Error: RuntimeError: Subserver changes not reflected, ValueError: Unexpected tool namespacing Cause: Using import_server() when mount() was needed (or vice versa) Solution: import_server() for static bundles (one-time copy), mount() for dynamic composition (live link)

Error 21: Resource Prefix Format Mismatch

Error: ValueError: Resource not found: resource://api/users Cause: Using wrong resource prefix format Solution: Path format (default v2.4.0+): resource://prefix/path, Protocol (legacy): prefix+resource://path - set with resource_prefix_format="path"

Error: SecurityWarning: Authorization bypass possible Cause: OAuth Proxy without consent screen (security vulnerability) Solution: Always set enable_consent_screen=True - prevents confused deputy attacks (CRITICAL)

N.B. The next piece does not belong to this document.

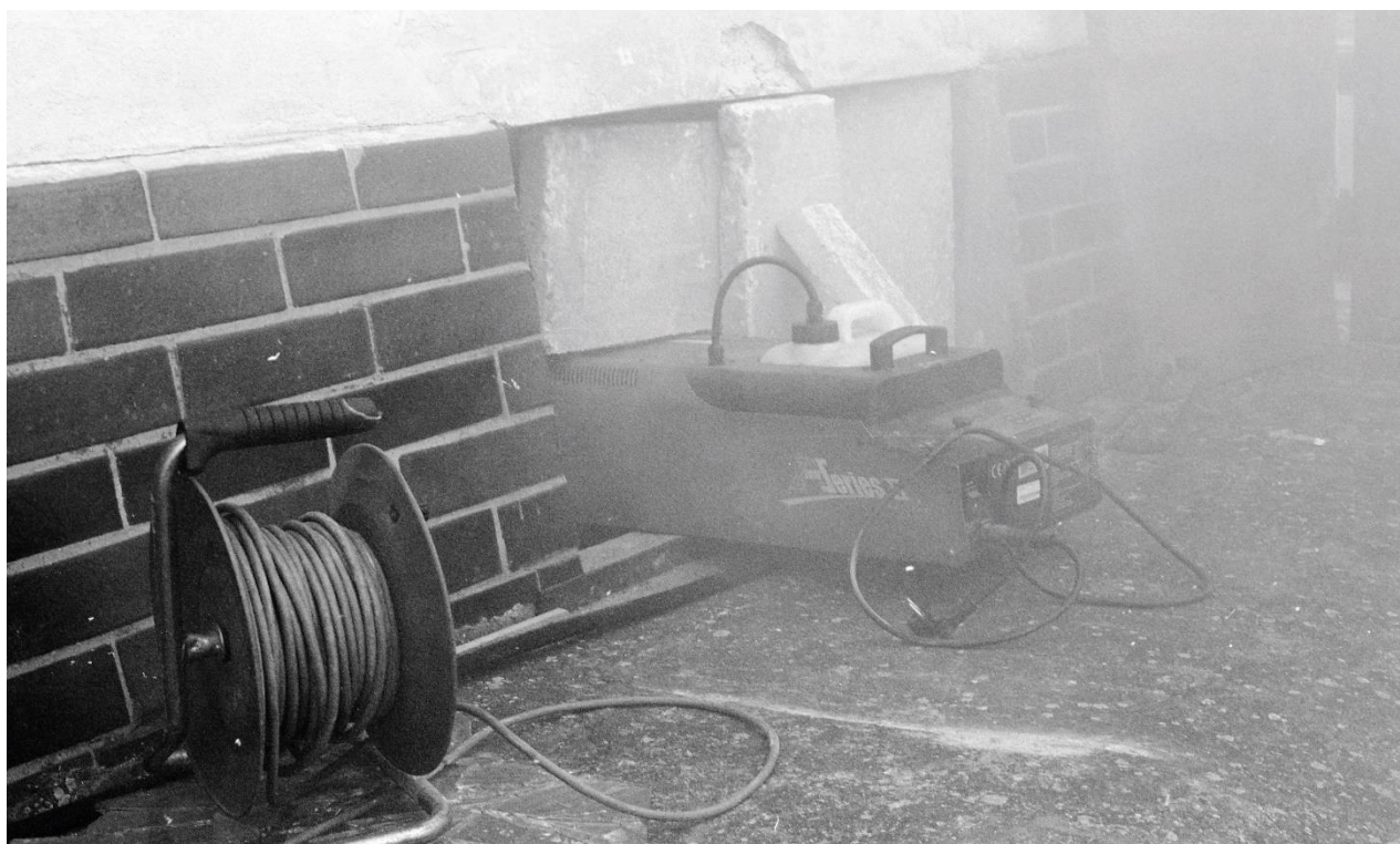
příloha 10 nepoužitá analogová fotografie, vlastní

Error 23: Missing JWT Signing Key in Production

Error: ValueError: JWT signing key required for OAuth Proxy Cause: OAuth Proxy missing jwt_signing_key Solution: Generate: secrets.token_urlsafe(32), store in FASTMCP_JWT_SIGNING_KEY env var, pass to OAuthProxy(jwt_signing_key=...)

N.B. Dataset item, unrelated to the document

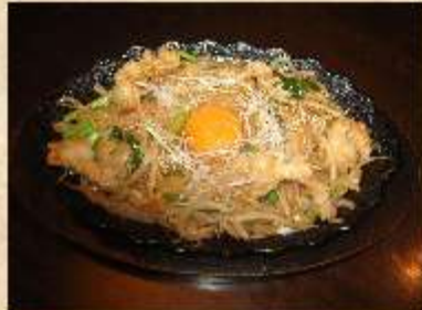
ホルモン焼きそば

Error 24: Icon Data URI Format Error

Error: ValueError: Invalid data URI format Cause: Incorrectly formatted data URI for icons Solution: Use Icon.from_file("/path/icon.png", size="medium") or Image.to_data_uri() (v2.13.1) - don't manually format

Error 25: Lifespan Behavior Change (v2.13.0)

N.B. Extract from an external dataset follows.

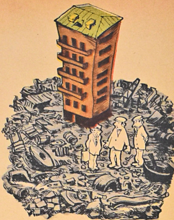
— Бу өзө һеч өзүмүз јахынлаша билмирик, адамларыз нечө көчүрөк! — Ках дам совагыт бүдем, если к немү не добротасы?

Error: Warning: Lifespan runs per-server, not per-session Cause: Expecting v2.12 behavior (per-session) in v2.13.0+ (per-server) Solution: v2.13.0+ lifespans run ONCE per server, not per session - use middleware for per-session logic


Production Patterns, Testing, CLI

4 Production Patterns:

  1. Utils Module: Single utils.py with Config class, format_success/error helpers
  2. Connection Pooling: Singleton httpx.AsyncClient with get_client() class method
  3. Retry with Backoff: retry_with_backoff(func, max_retries=3, initial_delay=1.0, exponential_base=2.0)
  4. Time-Based Caching: TimeBasedCache(ttl=300) with .get() and .set() methods

Testing:

  • Unit: pytest + create_test_client(test_server) + await client.call_tool()
  • Integration: Client("server.py") + list_tools() + call_tool() + list_resources()

CLI Commands:

fastmcp dev server.py                # Run with inspector
fastmcp install server.py             # Install to Claude Desktop
FASTMCP_LOG_LEVEL=DEBUG fastmcp dev  # Debug logging

Best Practices: Factory pattern with module-level export, environment config with validation, comprehensive docstrings (LLMs read these!), health check resources

Project Structure:

  • Simple: server.py, requirements.txt, .env, README.md
  • Production: src/ (server.py, utils.py, tools/, resources/, prompts/), tests/, pyproject.toml

References & Summary

Official: https://github.com/jlowin/fastmcp, https://fastmcp.cloud, https://modelcontextprotocol.io, Context7: /jlowin/fastmcp Related Skills: openai-api, claude-api, cloudflare-worker-base Package Versions: fastmcp>=2.13.1, Python>=3.10, httpx, pydantic, py-key-value-aio, cryptography

15 Key Takeaways:

  1. Module-level server export (FastMCP Cloud)
  2. Persistent storage (Disk/Redis) for OAuth/caching
  3. Server lifespans for resource management
  4. Middleware order: errors → timing → logging → rate limiting → caching
  5. Composition: import_server() (static) vs mount() (dynamic)
  6. OAuth security: consent screens + encrypted storage + JWT signing
  7. Async/await properly (don't block event loop)
  8. Structured error handling
  9. Avoid circular imports
  10. Test locally (fastmcp dev)
  11. Environment variables (never hardcode secrets)
  12. Comprehensive docstrings (LLMs read!)
  13. Production patterns (utils, pooling, retry, caching)
  14. OpenAPI auto-generation
  15. Health checks + monitoring

Production Readiness: Encrypted storage, 4 auth patterns, 8 middleware types, modular composition, OAuth security (consent screens, PKCE, RFC 7662), response caching, connection pooling, timing middleware

Prevents 25 errors. 90-95% token savings.